(Raw data Opens)
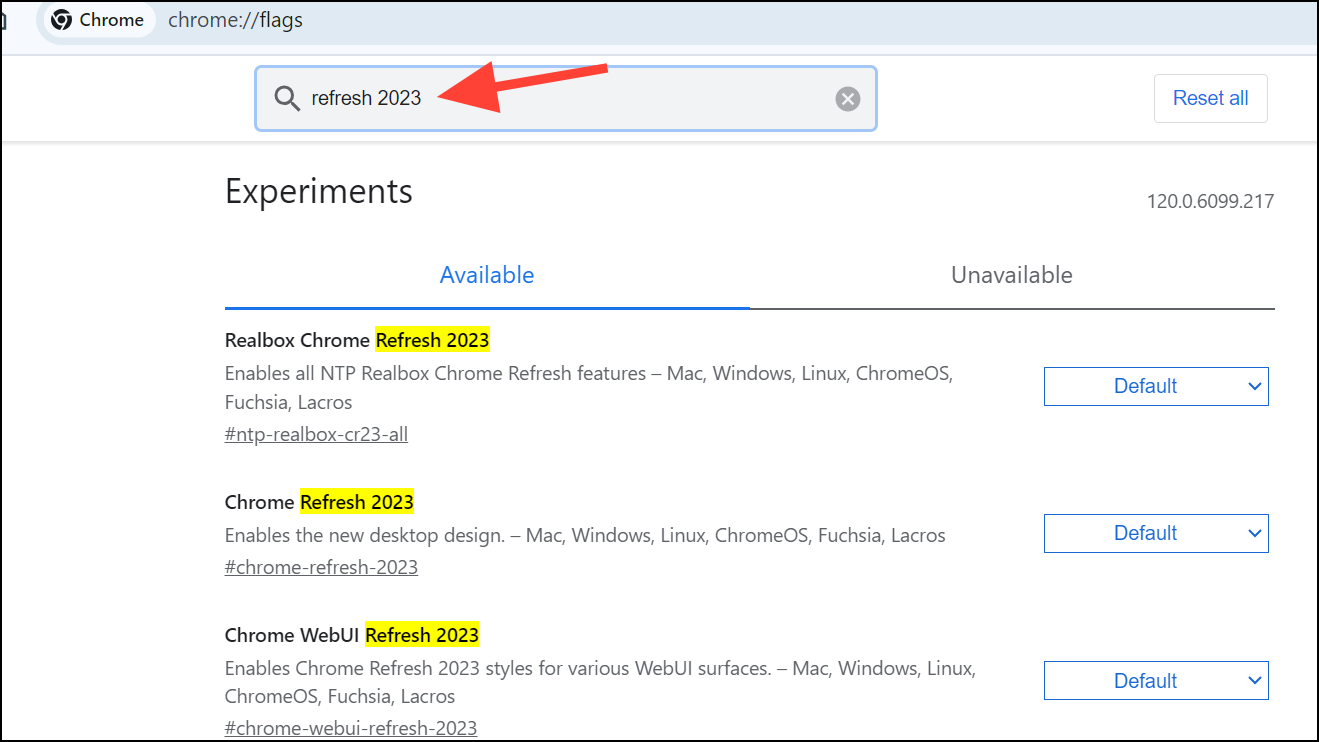 Step 3: Use the search bar at the top of the page to find the relevant flags by typing refresh 2023.
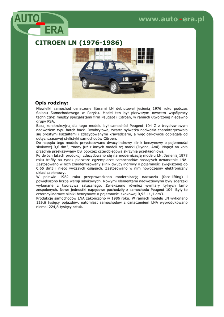 Opis rodziny: CITROEN LN. - AUTO-ERA
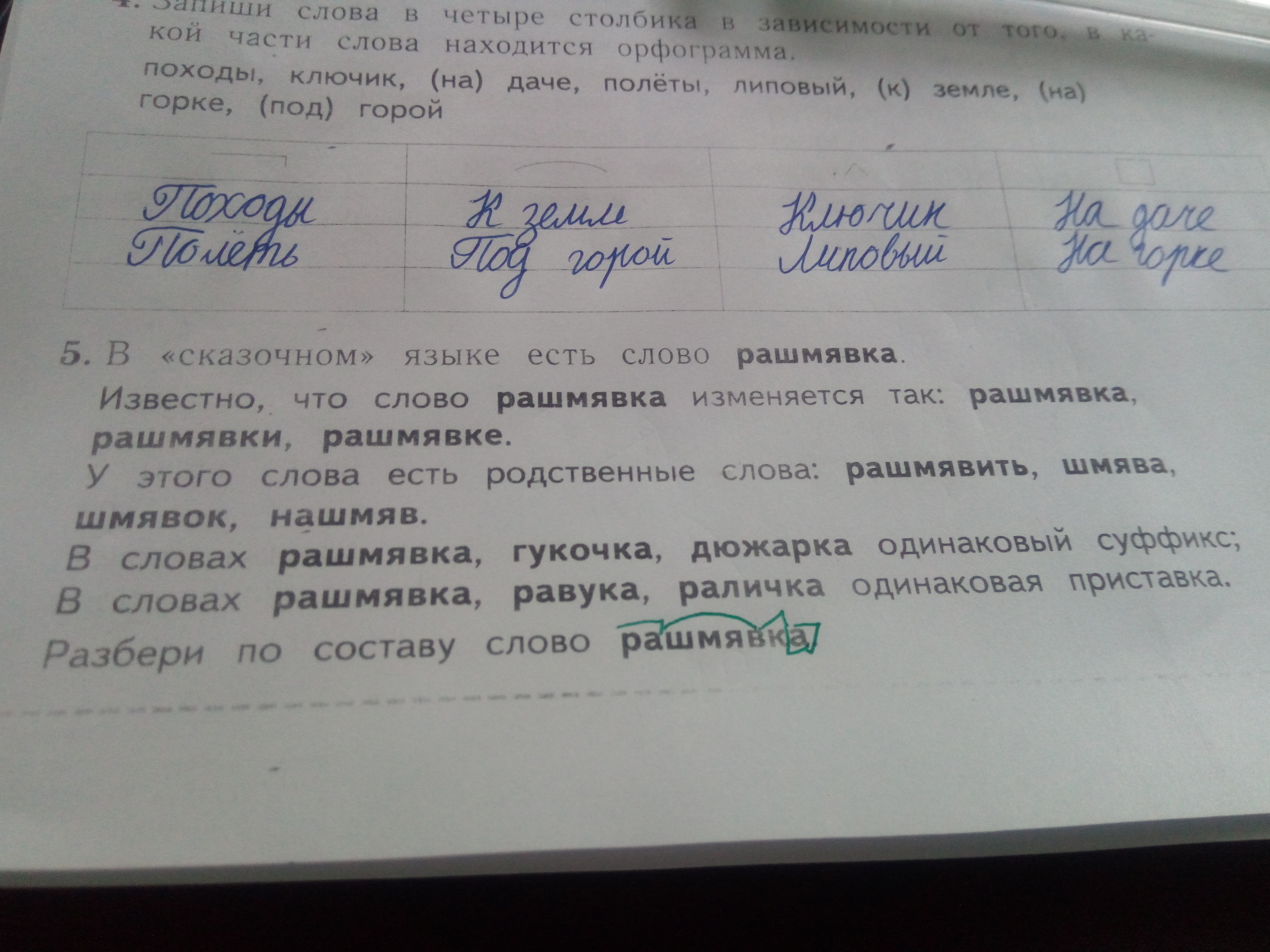 Раш это приставка,мяв корень,к суффикс а окончание
(Raw data Closes)
## What you are asked to do
Word for word, retype the material above without its pictures.

## The answer
 Step 3: Use the search bar at the top of the page to find the relevant flags by typing refresh 2023.
 Opis rodziny: CITROEN LN. - AUTO-ERA
 Раш это приставка,мяв корень,к суффикс а окончание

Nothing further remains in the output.